> **Data provided**
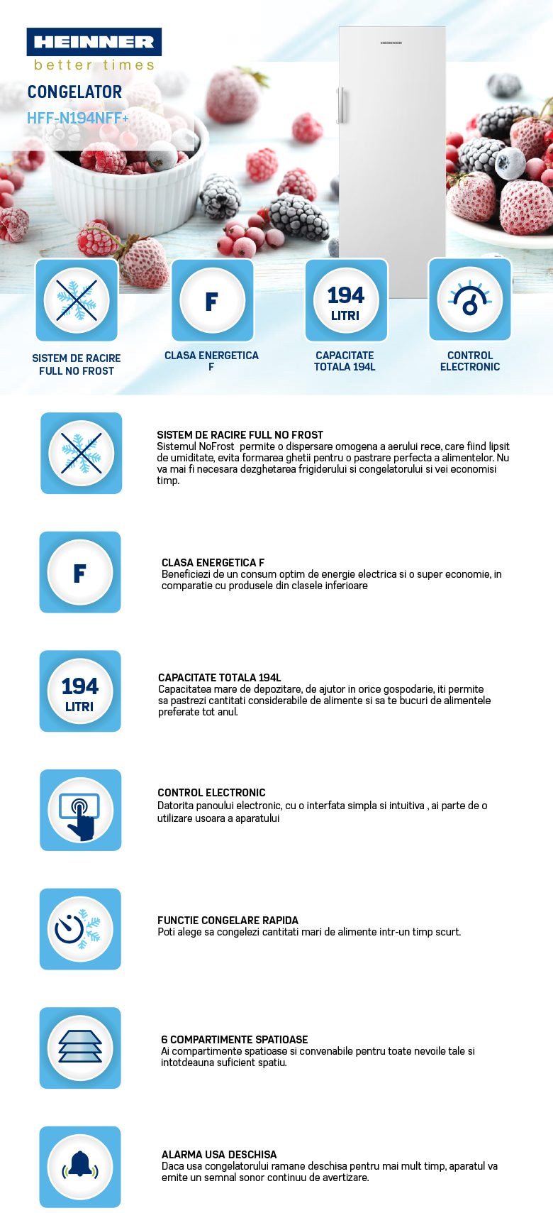Congelator Heinner HFF-N194NFF+, Full No Frost, clasa energetica: F, display LED, capacitate totala: 194L, functie Congelare rapida, alarma usa deschisa, 6 compartimente congelator, usa reversibila, tavita cuburi de gheata, capacitate de congelare: 9kg/24h, dimensiuni (WxDxH): 55.9 × 61.4 × 169.1 cm, culoare: Alb
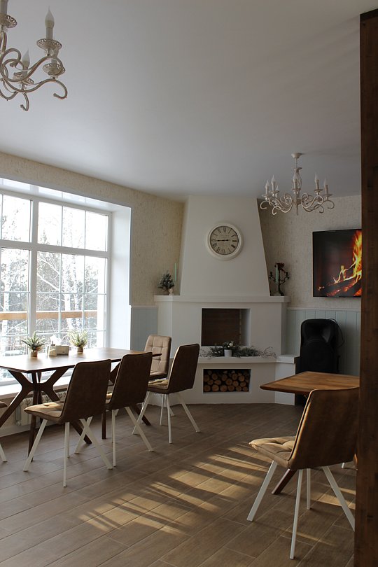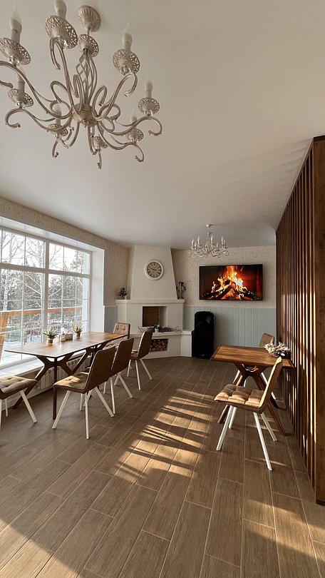 Зона отдыха в загородном клубе — это идеальный уголок для разгрузки и воплощения любимых увлечений. Здесь можно организовать всевозможные мероприятия: от банкетов и торжеств до мастер-классов и камерных встреч. Утром пространство наполняется ароматом свежесваренного кофе, а уютный камин дополняет идеальную атмосферу.
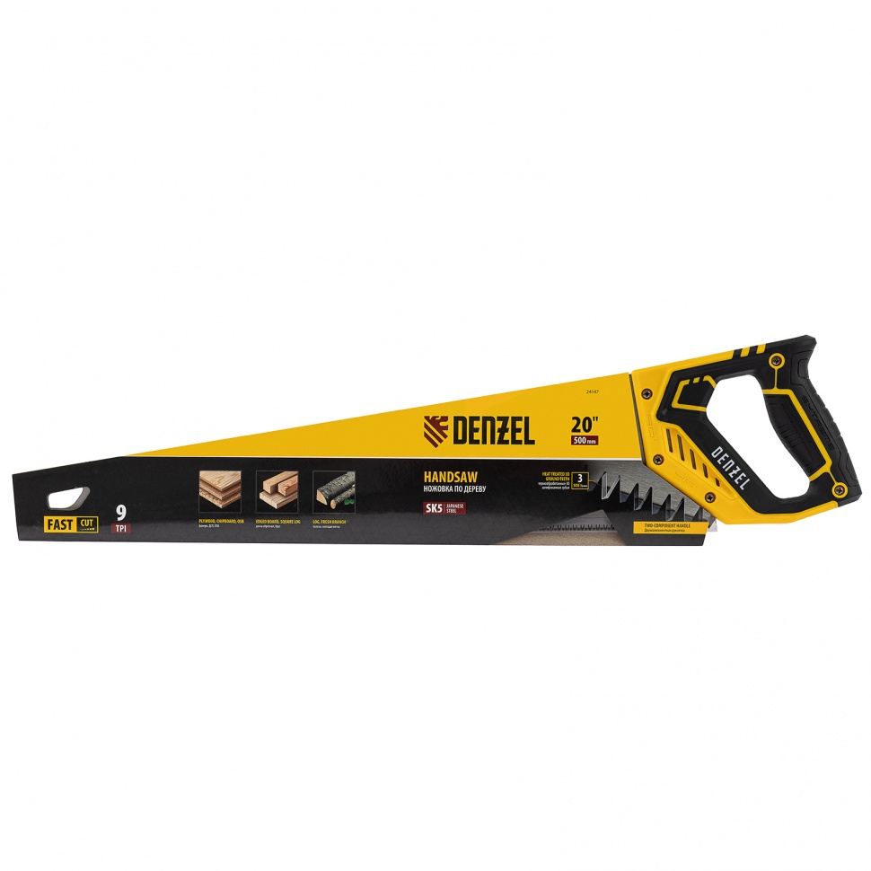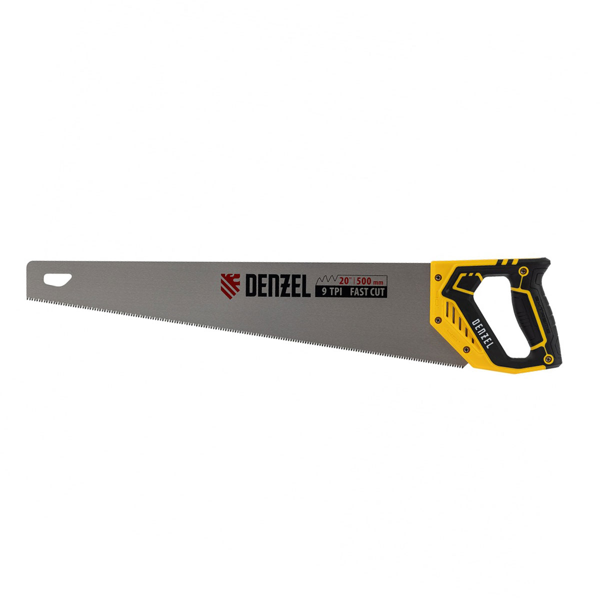 Ножовка по дереву, 500 мм, 9 TPI, зуб 3D, двухкомпонентная рукоятка Denzel

> **Work to be completed**
Lines from the one that contains "Зона отдыха в" to the final line of the material are the whole answer. Reproduce them word for word and skip the pictures.

> **Exercise solution**
 Зона отдыха в загородном клубе — это идеальный уголок для разгрузки и воплощения любимых увлечений. Здесь можно организовать всевозможные мероприятия: от банкетов и торжеств до мастер-классов и камерных встреч. Утром пространство наполняется ароматом свежесваренного кофе, а уютный камин дополняет идеальную атмосферу.
 Ножовка по дереву, 500 мм, 9 TPI, зуб 3D, двухкомпонентная рукоятка Denzel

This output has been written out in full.